Karolina flopped onto her back, her feet pointed at the starched white row of pillows. As she spoke, she jabbed a finger at the ceiling. “This is what I could never understand about you. Your brother was angry all the time, the angriest person I’ve ever known. You claimed to be so close to him and you never noticed? You’re either lying or oblivious.”
Intimacy could distort one’s vantage, that much was true. Sometimes trying to see the whole of a person could be like describing a painting with your nose pressed to the canvas, though my husband would have argued that I hadn’t wanted to see from a different angle, hadn’t wanted to step back.
“What was he so angry about?” I asked her. “Since you’re apparently the expert.”
“About everything. About not being what he wanted to be.”
“And what did he want to be?”
“A family man. Or that’s what he thought, anyway.”

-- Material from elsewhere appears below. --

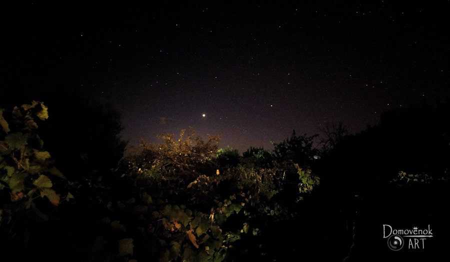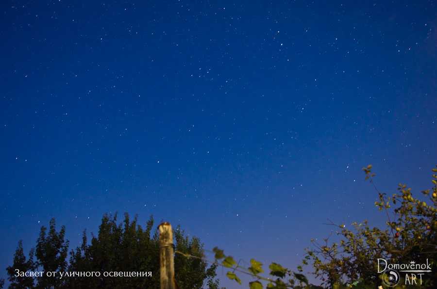 Главная проблема такой съемки — при небольших выдержках звезды не видны, а при больших — они уже выглядят не четкими точками, а размазанными. Поэтому начинайте с выдержки секунд 10 — если кадр слишком темный, и звезд не видно, увеличивайте выдержку на 3-5 сек.

“And you didn’t want a family?”
“Not with someone like that.”
Earlier, as I escorted Karolina to my hotel, I’d told myself she held information I still felt somehow entitled to, so that my understanding of my brother could become settled once more. But I knew in my heart that my understanding of my brother would never be settled again, no matter what Karolina said or didn’t. I had known this ever since one late night in Seattle, when he took my hands and said, “You don’t know what it was like living with her,” and then, after a breath, “I’m so sorry”—and I had thought maybe my husband had been right, maybe my brother had done something unfathomable and unforgivable. Once you have a thought like that, there is no turning back, there is only pretending to. Really, in bringing Karolina to my hotel, I wanted to better understand how I had ended up where I had, and I could feel it coming now, that conversation, the answers I had sought and dreaded.
On the bed, my face went fever-hot. A sweat broke on my eyelids.

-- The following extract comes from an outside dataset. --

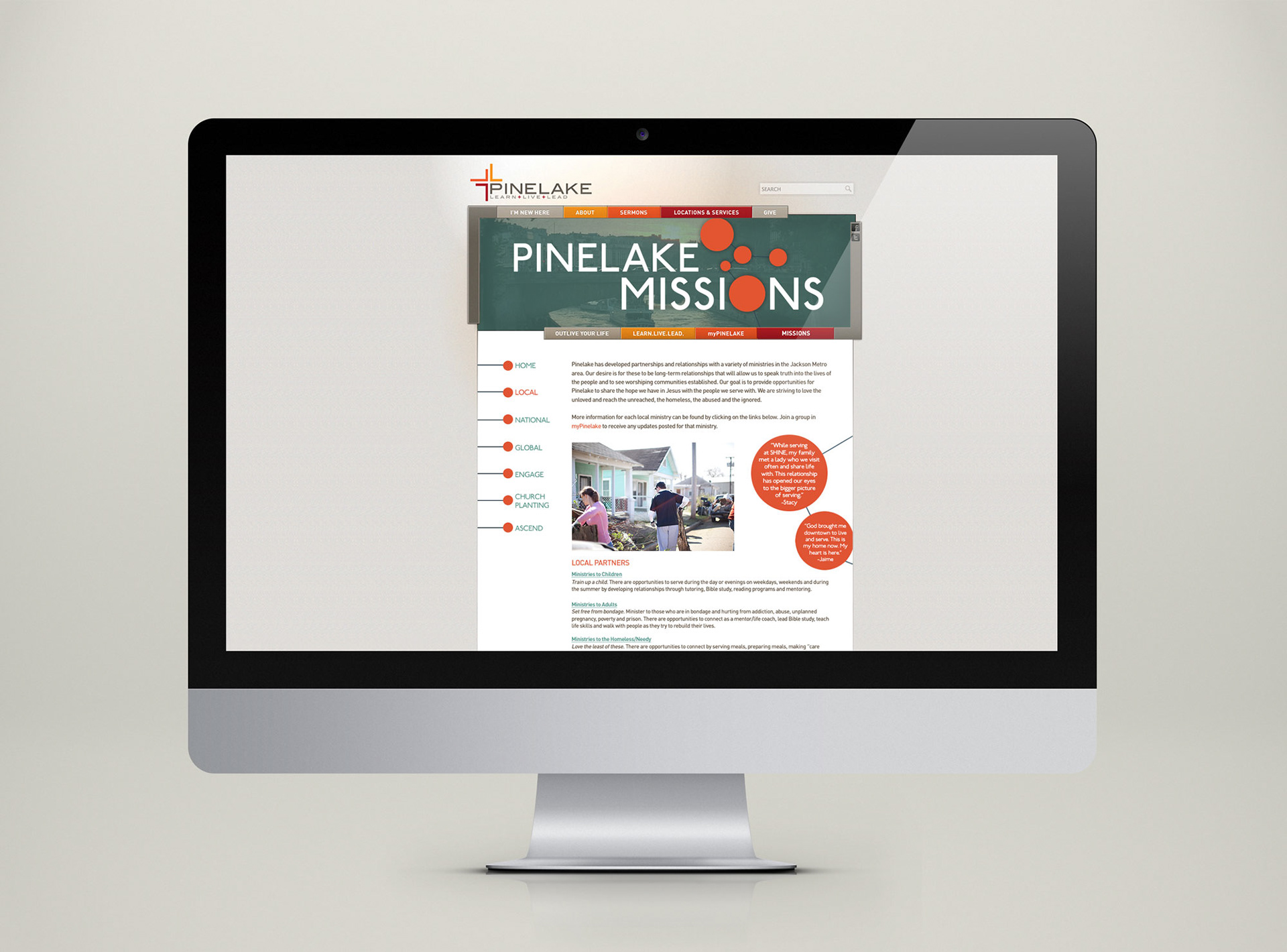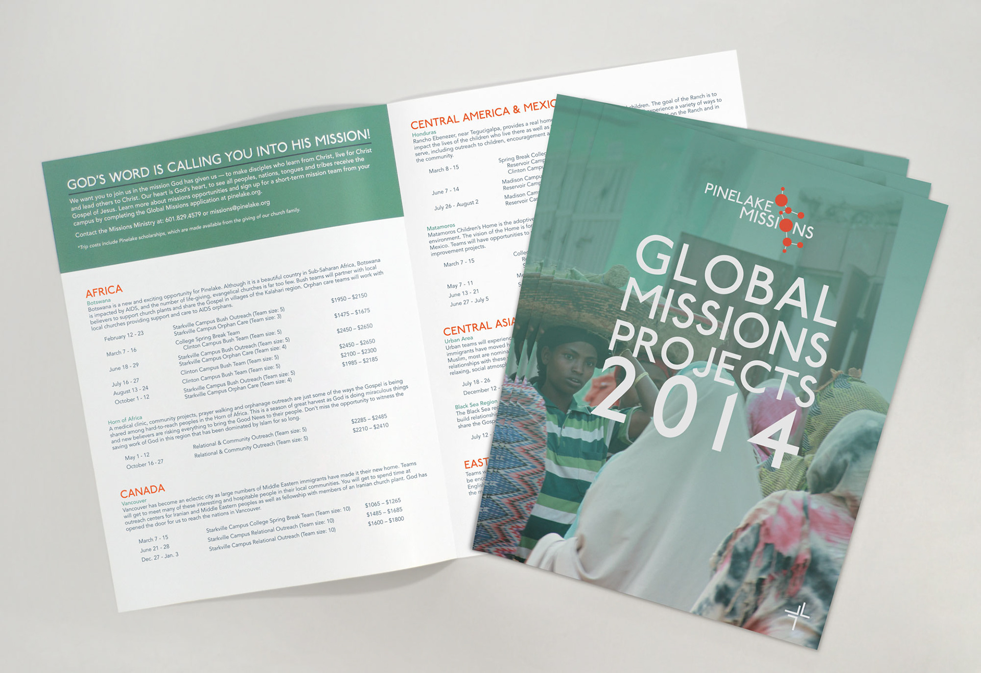 Logo, brochures, and website design for the missions ministry at Pinelake Church. The logo and accompanying collateral reflect Pinelake Missions’ vision of “expanding the Kingdom and multiplying church leaders across the globe.”

“Your brother believed life should be simpler for him,” Karolina continued. “He didn’t understand why being alive was so hard sometimes, he thought he didn’t deserve that hardness, that he had earned his way out in childhood, so he was always looking for someone to blame. Me? I grew up in an angry home and I wasn’t about to make another.”
I thought of my brother’s new, swollen-bellied wife. Had she ever been afraid? The one
time I met her she’d struck me as affable and unambitious: an early-morning power walker, a drinker of decaf, a needlepoint enthusiast. Perhaps she was easier to manage.

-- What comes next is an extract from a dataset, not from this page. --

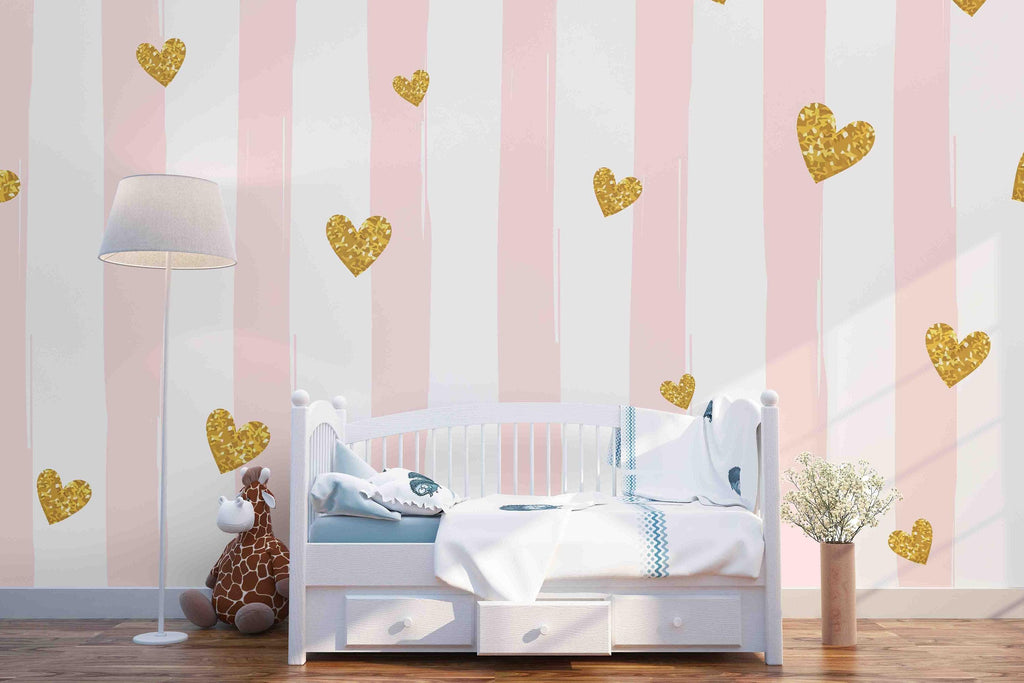3D Pink Strips Gold Heart Removable Wallpaper,Peel & stick Wall Mural, Wall Art,Wall Decal,Kids,Nursery,Wall Sticker,Jess Art 42

“They played the 911 tape,” I said. “The police. When they were looking for you.”
Karolina pushed herself up on her elbows. “And you still wrote me that letter? After hearing what was on that tape?”
“It was hard to accept what I heard.” I recalled a few of the letter’s harshest lines and felt flattened by regret. “It was hard to believe that there wasn’t an explanation. That there weren’t two—”
“Fuck you.” She kicked at the pillows, knocked one to the floor. “Here’s your explanation.”
That night, my brother had discovered that Karolina had been taking birth control pills in secret, after agreeing to start a family, and he had become enraged. He had punched a hole in the wall. He had grabbed her by the shoulders and shaken her. He had put his hands around her throat.
“But why did you call back, if you were so afraid?” I pressed. I could hear the pulse of a party swelling in a room somewhere above us. “Why did you tell the police not to come?”
“I wasn’t ready,” was all Karolina said.
I didn’t know where to go from there. On TV, Jean-Paul Belmondo was dying in the street and calling Jean Seberg a scumbag for turning him in to the police and Jean Seberg was saying, What’s a scumbag? Time felt epic, engulfing. How would we bridge our remaining hours together, after such a tense exchange? I remembered there was a minibar in the hotel room and sat up in bed like a risen corpse.
“Drink?” I asked.
“How about room service?” Karolina lay flat on the bed. She pointed and flexed her feet, like a dancer getting in a good stretch.